Aim of the exercise:
Please repeat only the lines below starting at the line that holds "Cyborg containing digital" and ending at the line that holds "This work is", exactly, with both of those lines included and every picture omitted.

Extracted material:
--------------------------------------------------
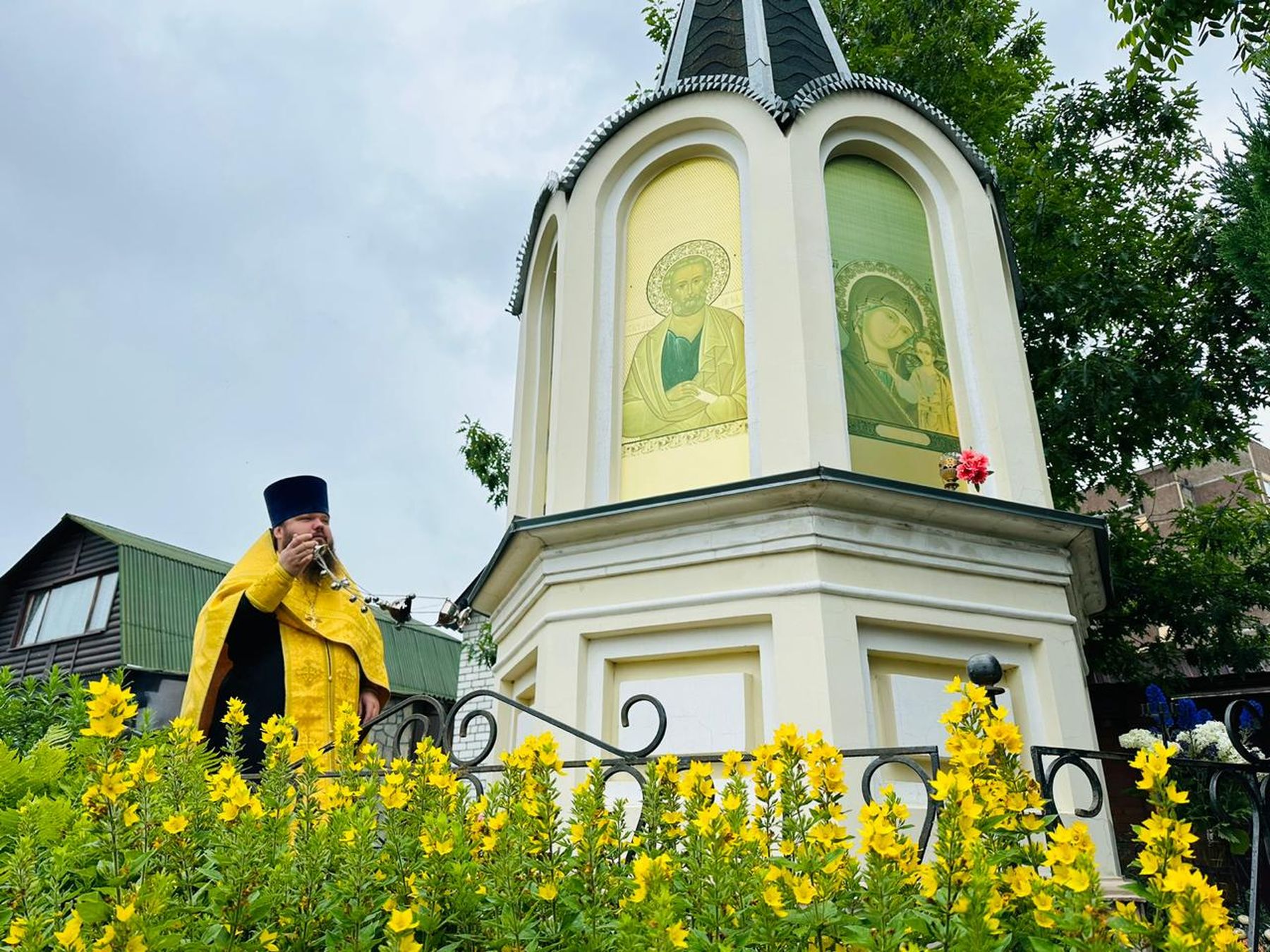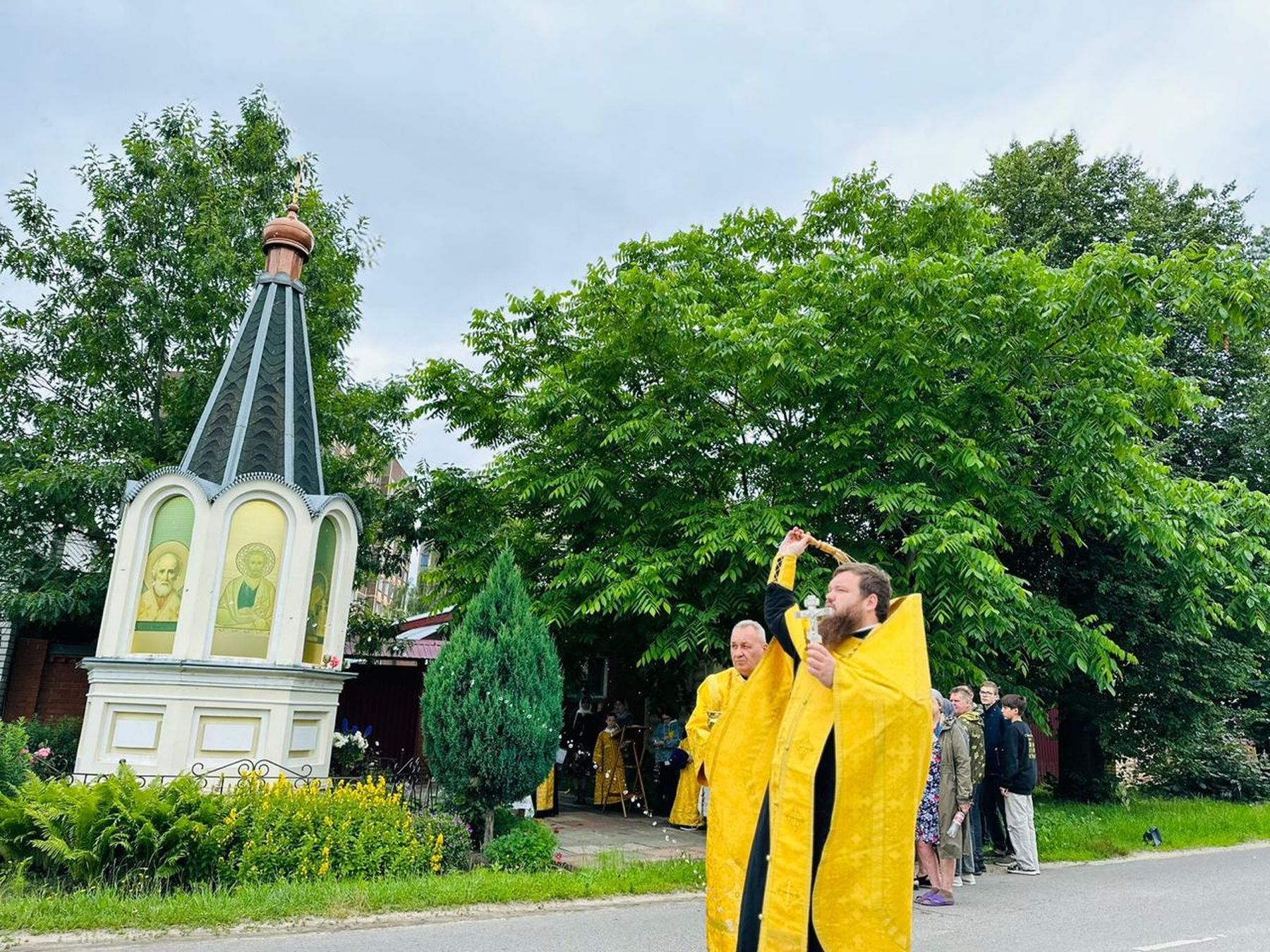 12 июля, в день памяти святых первоверховных апостолов Петра и Павла, благочинный церквей Павлово-Посадского округа священник Александр Анохин в сослужении духовенства благочиния совершил праздничный водосвятный молебен у Петропавловской часовни на улице Карповская города Павловский Посад.
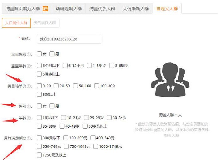 直通车也是给产品打标的一个很好很快速的方法。直通车有两种途径可以实现店铺标签的形成,第一个途径是我们经常用到的关键词推广,前期先加入我们需要的关键词,然后设置好地域、时间段的投放,然后关键词的出价不要太高,只是行业平均或者低于行业出价也是可行的,这样做的目的是我们需要通过低出价然后高人群溢价的方法来将产品送到和我们标签契合的人眼前。这里插一句话,新品期很重要,今天分享一个新品期流量如何过万的技巧,文章最后有分享,需要的可以重点看一下。如下图所示的那样,我们可以通过对客单价、性别、年龄等不同的筛选条件来选择出适合自己产品的人群,然后通过对不同人群的溢价优化来达到产品的加购收藏和成交的增加,然后逐渐形成自己产品的标签,在选择人群的时候在保证覆盖人群数量足够的情况下去尽量精细的筛选人群,不能为了人群的竞争而忽略覆盖人群的数量,如果人群数据太少的话是很难有展现的。
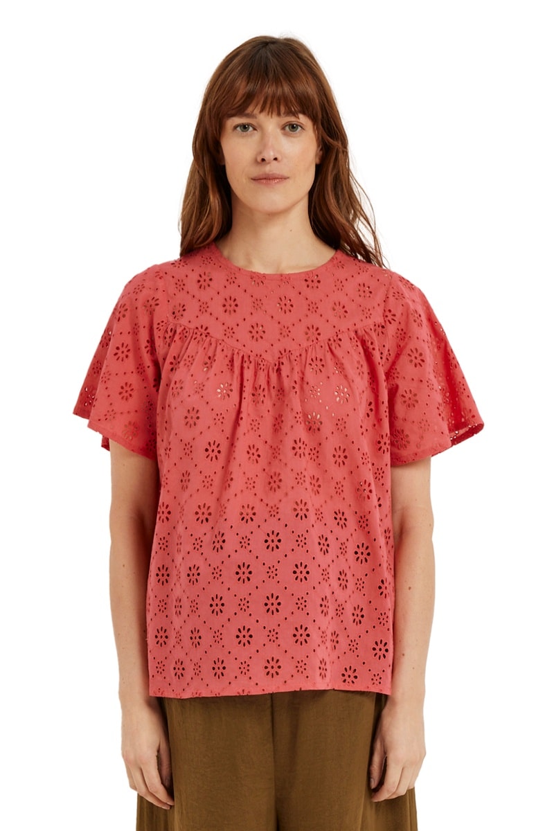 Blusa em bordado inglês - Vermelho-framboesa
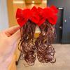 2 шт., детский парик в китайском стиле, заколка для волос, детский головной убор, красный бант, заколка для волос, новогодняя праздничная
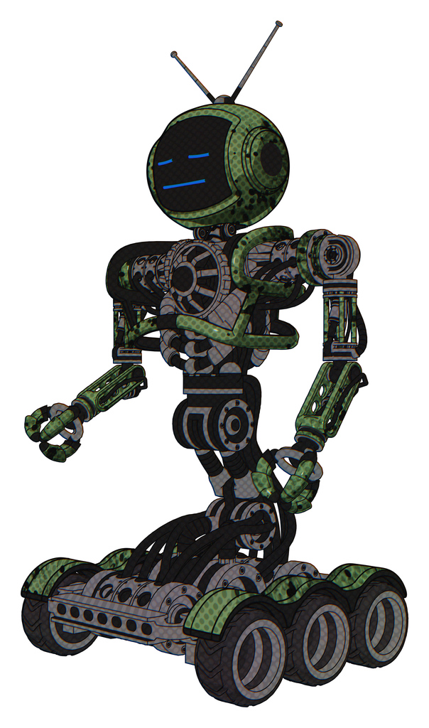Cyborg containing digital display head and sleeping face and retro antennas and heavy upper chest and no chest plating and six-wheeler base. Grunge grass green. Facing right view.
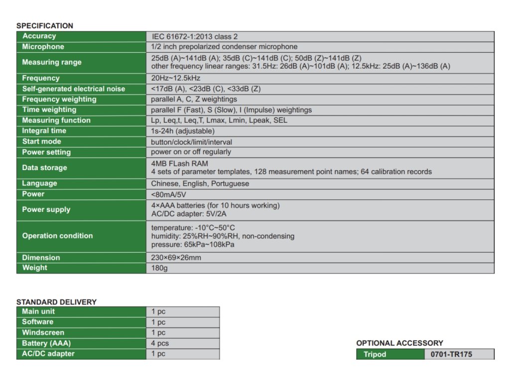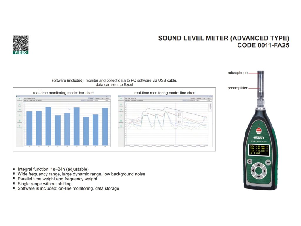- Lp, Leq, t, Leq, T, Lmax, Lmin, Lpeak, SEL
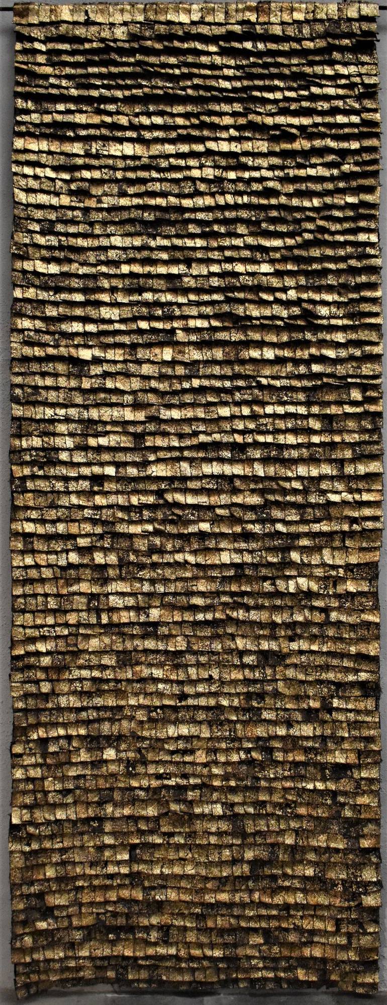 This work is created from the deconstruction and re-contextualising of antique textiles. It has been created methodically from over two thousand pieces of fabric that have each been hand cut, gilded with gold leaf* and then stitched together. The gilded pieces have then been stitched to a canvas bas...
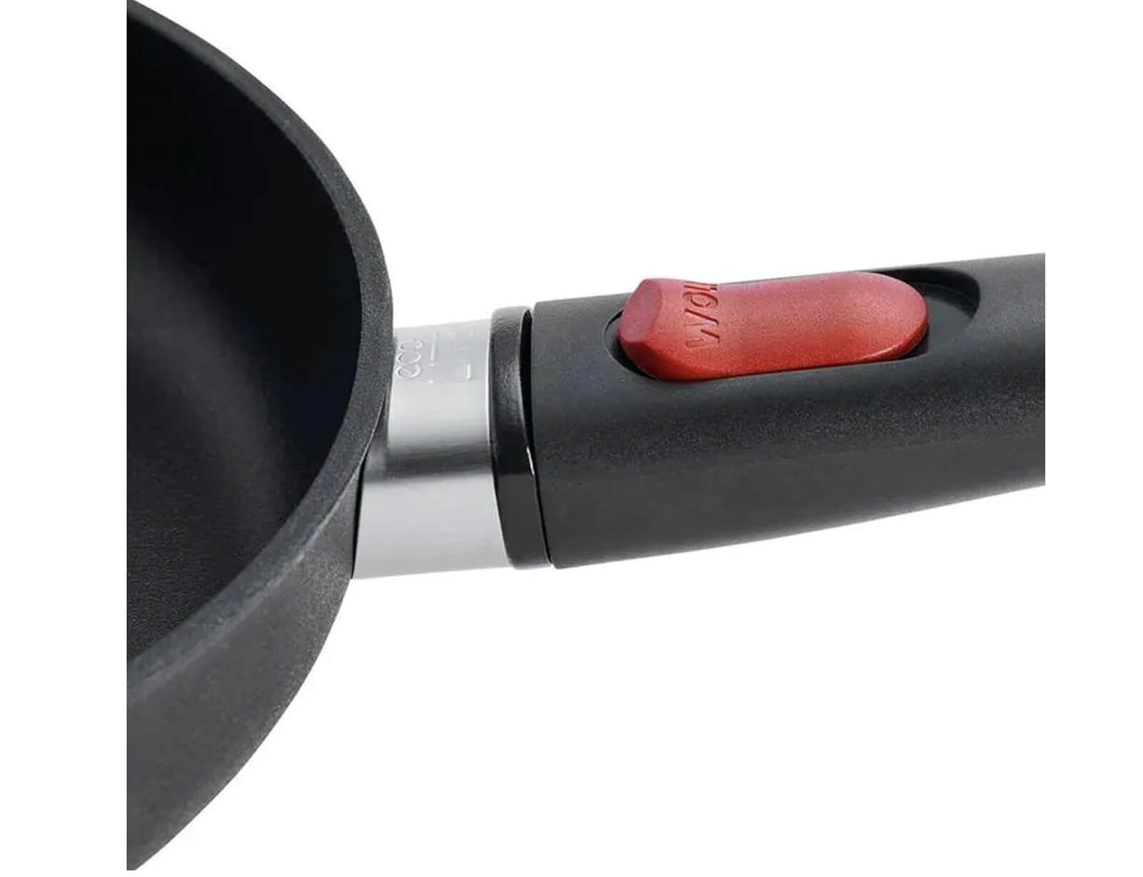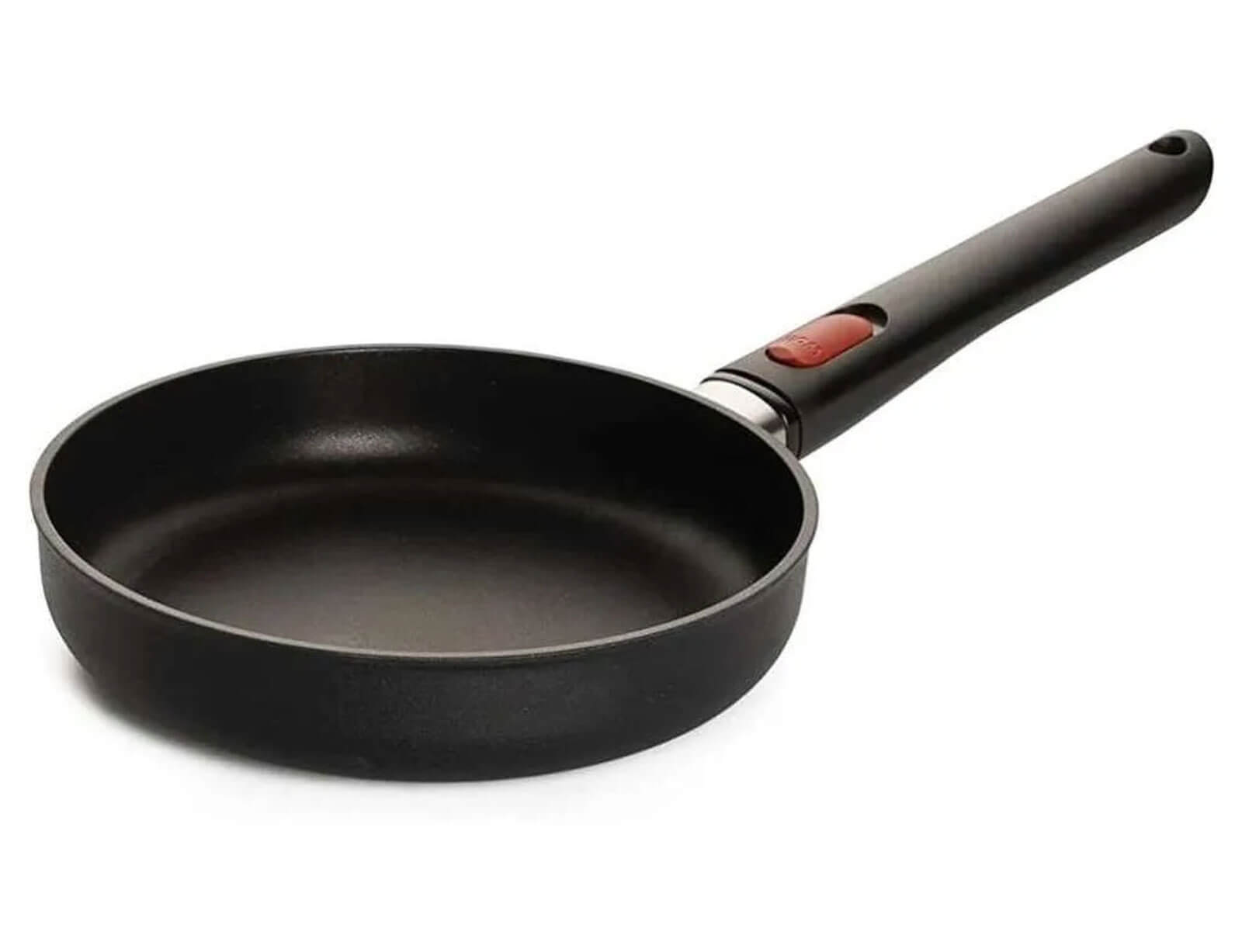 Οι εργονομικές αφαιρούμενες λαβές σας διευκολύνουν και είναι βολικές και ασφαλείς, σας επιτρέπουν αφαιρώντας τις να βάλετε το σκεύος στο φούρνο. Άνετο κράτημα, ανθεκτικότητα και αξιοπιστία με την υπογραφή της Woll. Ένα τηγάνι χωρίς λαβή ταιριάζει στο φούρνο, βολεύει στο νεροχύτη, στο πλυντήριο πιάτων και είναι εύκολο να χωρέσει και να στοιβαχτεί σχεδόν σε οποιοδήποτε ντουλάπι της κουζίνας. Ένα τηγάνι χωρίς λαβή είναι επίσης μια ασφαλέστερη επιλογή όταν μικρά παιδιά κινούνται γύρω από την περιοχή των εστιών.
--------------------------------------------------
The completed task:
Cyborg containing digital display head and sleeping face and retro antennas and heavy upper chest and no chest plating and six-wheeler base. Grunge grass green. Facing right view.
- Lp, Leq, t, Leq, T, Lmax, Lmin, Lpeak, SEL
 This work is created from the deconstruction and re-contextualising of antique textiles. It has been created methodically from over two thousand pieces of fabric that have each been hand cut, gilded with gold leaf* and then stitched together. The gilded pieces have then been stitched to a canvas bas...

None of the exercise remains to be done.